2) o cerrado é milagre, como toda a vida

(é também pedaço do planeta que desaparece)

abraço meu irmão pequizeiro

(...) os jatobás sorriem

as perobas não dizem nada, apenas sentem

(...)

agora prepare seu coração:

correntão vai passar e levar tudo

ninho de passarinho rasteiro também

depois do correntão,

brotou o que tinha que brotar

mas já era tarde – faca fina do arado cortou a raiz

pela raiz e aí não brotou mais nada. aliás, brotou

coisa melhor: soja, verdinha, verdinha

 

que beleza, diziam

(...)

antes de terminar pergunto: quem vai pagar

o preço de tamanha destruição?

“daqui a cem anos estaremos todos mortos”,

disse alguém.

certo. estaremos todos mortos

mas nossos netos, não

o cerrado é milagre, minha gente

(Nicolas Behr, O cerrado é milagre, em Primeira Pessoa. Brasília: LGE Editora, 2005, p. 109.)

 

3) O Cerrado é o lugar onde a sabedoria popular se materializa em planta. Lá as aparências, de fato, enganam. Onde se veem arbustos de galhos retorcidos há o mais importante sistema de captação e reserva de água do Brasil fora da Amazônia. Um sistema baseado em vegetação e que garante nove das principais bacias hidrográficas do país. Ameaçado pela expansão do agronegócio, reduzido a cerca da metade de seu tamanho original, ele agora caminha para a maior extinção de plantas já registrada no mundo, com consequências para a oferta de água e a regulação do clima do centro-sul do país. Falamos de perda de biodiversidade, de segurança hídrica e climática. Um hectare desmatado de Cerrado tem mais impacto hoje do que um hectare desmatado na Amazônia. Não se trata de impedir a produção agrícola. Ao contrário, ela tem condições de aumentar sem precisar desmatar mais – frisa Bernardo Strassburg, diretor do Instituto Internacional para a Sustentabilidade. (Adaptado de Ana Lucia Azevedo, Desmatamento do Cerrado pode levar à extinção de 1.140 espécies de plantas. Disponível em O Globo, 14/10/2018. Acessado em 02/08/2019.)

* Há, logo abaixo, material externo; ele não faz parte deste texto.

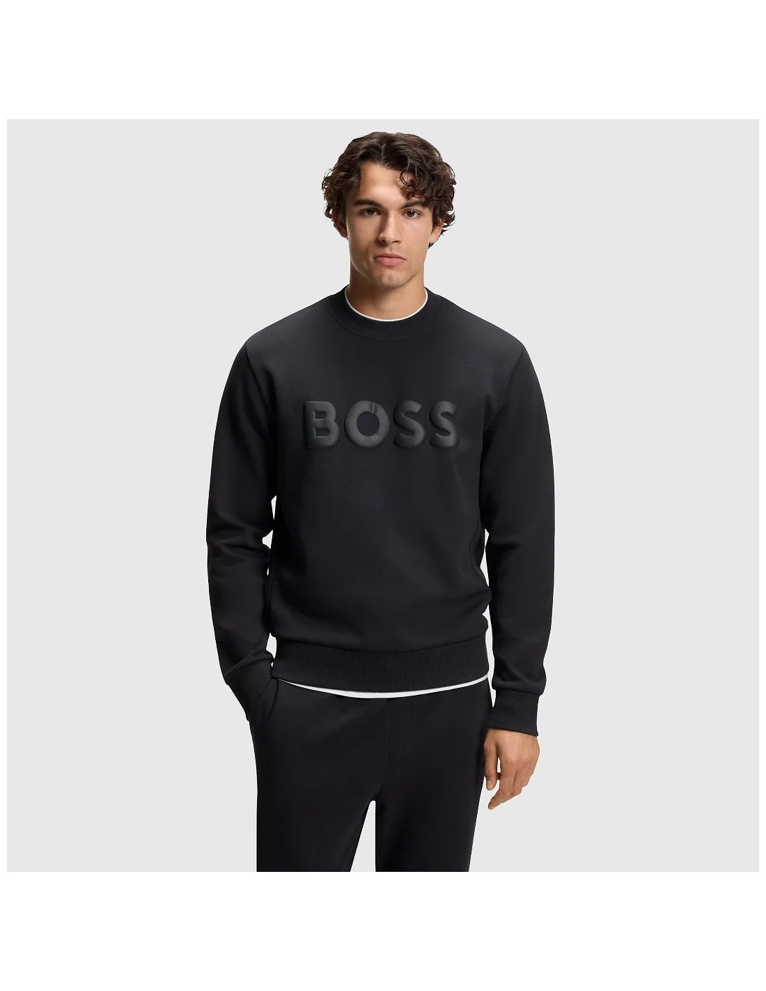 Sudadera de BOSS con diseño moderno y minimalista. Presenta un ajuste regular con cuello redondo, puños y cintura acanalados. Destaca el logotipo de la marca en relieve en la parte frontal del pecho, aportando un toque distintivo al diseño. Ideal para un estilo casual con un enfoque elegante y urbano.

4) O último relatório da ONU que alerta sobre a velocidade com que as espécies estão se extinguindo (uma de cada oito está ameaçada) assinala que essa destruição da natureza é mais lenta nas terras onde vivem os povos indígenas do que no resto do planeta. Mas também destaca a crescente ameaça que ronda essas comunidades na forma de expansão da agricultura, urbanização, mineração, novas infraestruturas. O Brasil, que abriga a maior parte da Amazônia e o ecossistema mais rico do mundo, é um dos países onde essa ameaça é mais evidente. Segundo Nurit Bensusan, da ONG Instituto Socioambiental (ISA), o papel dos indígenas ganha uma dimensão importante: “Por conhecerem tão intimamente as florestas, eles têm uma percepção muito antecipada das mudanças ambientais. Sabem como lidar com isso. Por exemplo, param de caçar em uma área durante um tempo e assim aliviam o impacto antes que quaisquer outros.” Os indígenas são parte essencial dos alertas rápidos e da prevenção. (Adaptado de Naiara Galarraga Gortázar, Por que os indígenas são a chave para proteger a biodiversidade planetária: a ONU destaca que nas terras habitadas pelos povos originários o desaparecimento de espécies é mais lento que no resto do mundo. Disponível em El País, 08/05/2019. Acessado em 04/08/2019.)

 

REDAÇÃO

PROPOSTA 2

        Você é um(a) escritor(a) que publica uma crônica em uma revista semanal. Sempre se viu como uma pessoa livre de preconceitos e sempre apoiou a igualdade de gêneros. Hoje, porém, ao ler uma matéria no El País, você se deu conta de que, certa vez, vivenciou um episódio em que considerou normal uma das atitudes listadas nessa matéria, as quais, segundo Ianko López, revelam o micromachismo enraizado em nossa sociedade.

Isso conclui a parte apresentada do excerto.